- Opening Delimiter -
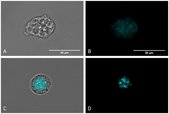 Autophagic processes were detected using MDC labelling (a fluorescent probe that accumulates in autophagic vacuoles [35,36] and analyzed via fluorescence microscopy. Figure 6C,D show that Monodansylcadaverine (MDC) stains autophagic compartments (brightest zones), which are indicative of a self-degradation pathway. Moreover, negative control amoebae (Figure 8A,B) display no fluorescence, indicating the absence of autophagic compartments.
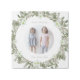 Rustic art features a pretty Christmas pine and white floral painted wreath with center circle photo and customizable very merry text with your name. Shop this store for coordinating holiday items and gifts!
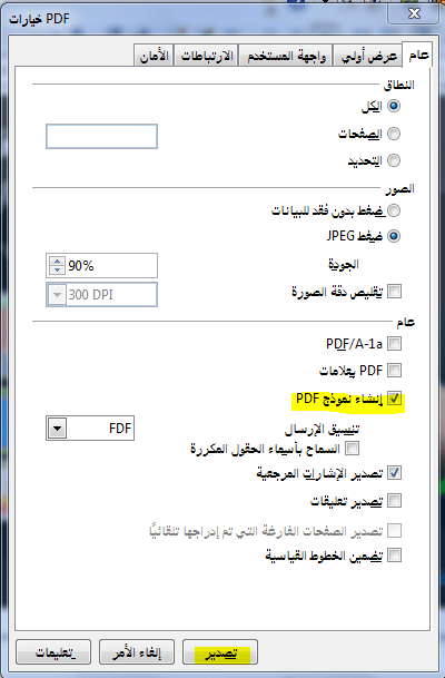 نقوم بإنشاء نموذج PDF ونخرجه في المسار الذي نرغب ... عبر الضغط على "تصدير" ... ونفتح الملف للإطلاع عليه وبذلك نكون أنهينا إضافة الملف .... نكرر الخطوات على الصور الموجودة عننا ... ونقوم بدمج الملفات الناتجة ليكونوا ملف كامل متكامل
- Closing Delimiter -
- Opening Delimiter -
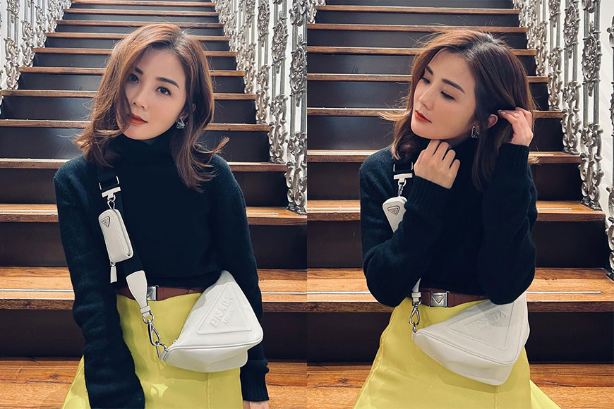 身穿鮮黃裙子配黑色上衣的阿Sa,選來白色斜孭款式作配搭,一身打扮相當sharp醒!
- Closing Delimiter -
DESCRIPTION OF THE TASK: Only one stretch of the listing is wanted: the lines starting at the one with "Autophagic processes were" and ending at the one with "نقوم بإنشاء نموذج", copied exactly and free of pictures.

SOLVED PROBLEM:
 Autophagic processes were detected using MDC labelling (a fluorescent probe that accumulates in autophagic vacuoles [35,36] and analyzed via fluorescence microscopy. Figure 6C,D show that Monodansylcadaverine (MDC) stains autophagic compartments (brightest zones), which are indicative of a self-degradation pathway. Moreover, negative control amoebae (Figure 8A,B) display no fluorescence, indicating the absence of autophagic compartments.
 Rustic art features a pretty Christmas pine and white floral painted wreath with center circle photo and customizable very merry text with your name. Shop this store for coordinating holiday items and gifts!
 نقوم بإنشاء نموذج PDF ونخرجه في المسار الذي نرغب ... عبر الضغط على "تصدير" ... ونفتح الملف للإطلاع عليه وبذلك نكون أنهينا إضافة الملف .... نكرر الخطوات على الصور الموجودة عننا ... ونقوم بدمج الملفات الناتجة ليكونوا ملف كامل متكامل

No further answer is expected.